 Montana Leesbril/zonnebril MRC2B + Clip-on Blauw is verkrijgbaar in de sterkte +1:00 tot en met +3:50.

--

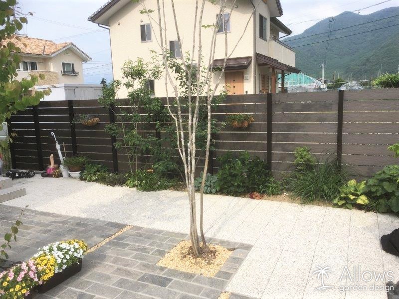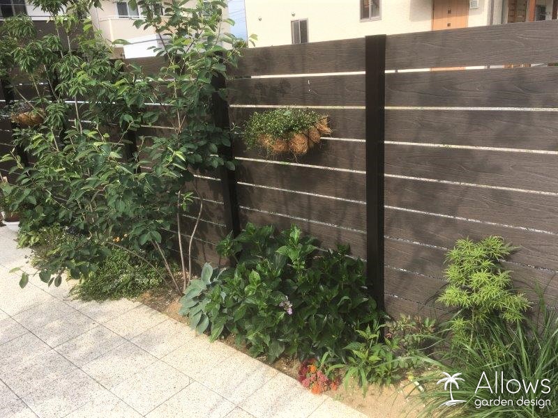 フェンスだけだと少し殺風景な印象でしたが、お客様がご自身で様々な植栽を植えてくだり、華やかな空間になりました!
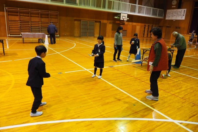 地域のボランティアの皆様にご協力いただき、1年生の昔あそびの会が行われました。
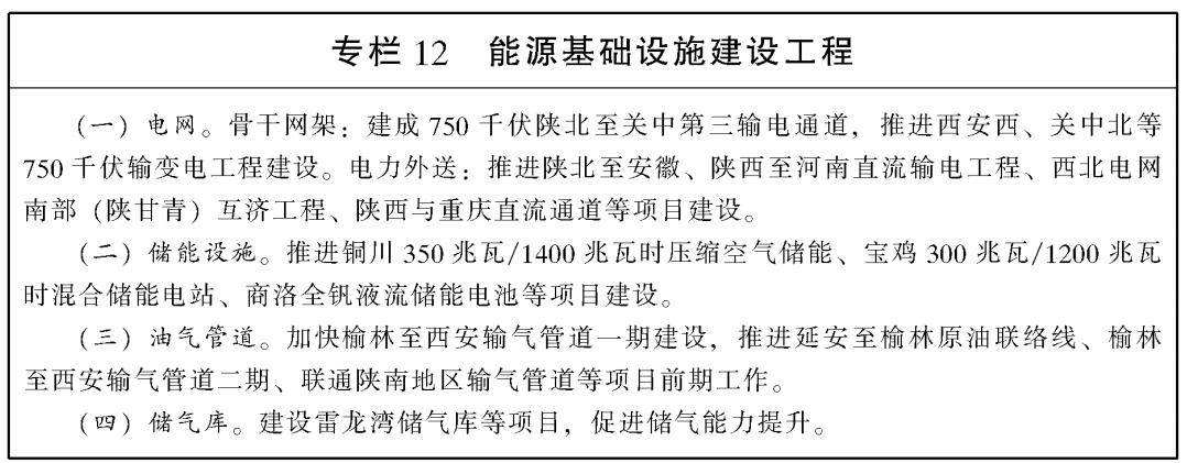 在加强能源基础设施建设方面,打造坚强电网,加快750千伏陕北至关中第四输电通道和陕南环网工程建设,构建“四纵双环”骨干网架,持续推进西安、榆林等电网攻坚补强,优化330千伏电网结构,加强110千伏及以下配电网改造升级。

## Requirement
Take the entries above and copy exactly the lines starting at the one with "地域のボランティアの皆様にご協力いただき、1年生の昔あそびの会が行われました。" and ending at the one with "在加强能源基础设施建设方面,打造坚强电网"; nothing outside that span, and no pictures.

## Reply
 地域のボランティアの皆様にご協力いただき、1年生の昔あそびの会が行われました。
 在加强能源基础设施建设方面,打造坚强电网,加快750千伏陕北至关中第四输电通道和陕南环网工程建设,构建“四纵双环”骨干网架,持续推进西安、榆林等电网攻坚补强,优化330千伏电网结构,加强110千伏及以下配电网改造升级。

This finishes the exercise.